Of course, the whole Bukowski thing turns out to be a big mistake. Although a minor literary figurine here (in the U.S., not Arkansas), he was a towering figure amongst Avant Gard sycophants in Germany. Many lingering citizens of the Weimar Republic kept his bust on their fireplace mantel. And, if you know anything about Bukowski, you will know the bust was the one of his chest and not his head. So, if you ever have the occasion to walk into a home in Germany and see a plaster rendering of some guy's tits over the fireplace, it would be not a long stretch to assume the occupant of that abode was a fan.
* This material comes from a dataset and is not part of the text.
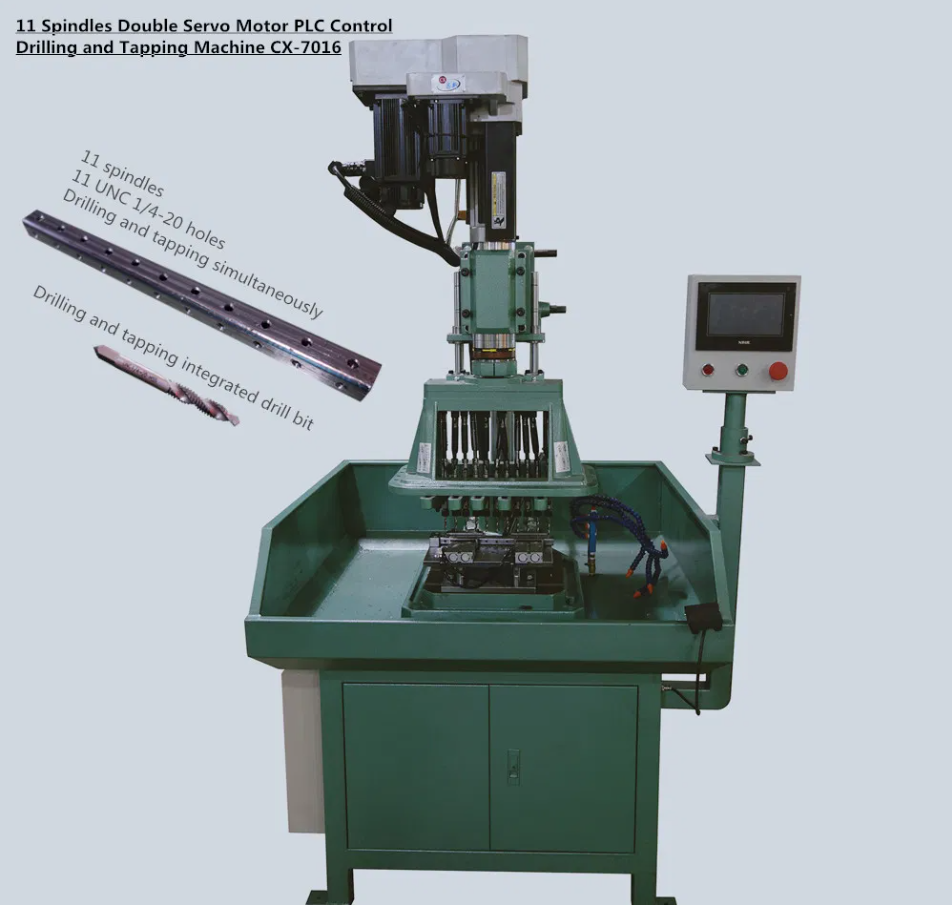 По сравнению с традиционными сверлильно-нарезными станками, в этом станке используется двухмоторная головка с сервоприводами, что делает его легким и позволяет легко переключаться между функциями сверления и нарезания резьбы. Управление с помощью ПЛК делает работу более удобной и простой.

As Bukowski died some time in the past, which is usually how it happens, there is not much more to be said about this episode.
More currently, the ever so bazaar ramblings of Herr Bukowski have been supplanted by a gaggle of QAnon imbeciles who have re-determined if not established that the IQ of certain people can actually have a decimal point in front of it. Heretofore the existence of such was thought to be both mathematically and intellectually impossible.
But, as Uncle Don said several years ago when asked in Playa del Carmen, "Hell no! I don't want no damned leche in MY coffee...just milk!!!"
Thus....Living in the Time of Covid.
Be well Karl.
One does not care so much these days for, how do you Amerikaner say it? Violent images und obszön language in poetry and fiction depicting survival in einem korrupten Scheißhaufenwelt. I am more amazed at Herr Donald Trump and his amazing abilities to delude. USA must no more posture in a superior manner and ask "How did you foolish Germans allow Adolf Hitler to come to power?" We, of course, are now allowed to posture in a superior manner and ask YOU because it is only fair!!! Oh yes, we watch with both disappointment and amusement as the great USA becomes dominated by Idioten. Have a nice day in Idiotenland, mein Freund.
Oh so true. Looking down the barrel of Double Wide Huckabee becoming our next gobernadora. Kind of like having Joseph Goebbels in drag without the snappy uniform...maybe not.
Who was the woman born under the top secret submarine base under Salt Lake City, whose illegitimate father was Eisenhauer, who was ASHAMED of being German? Where is she now?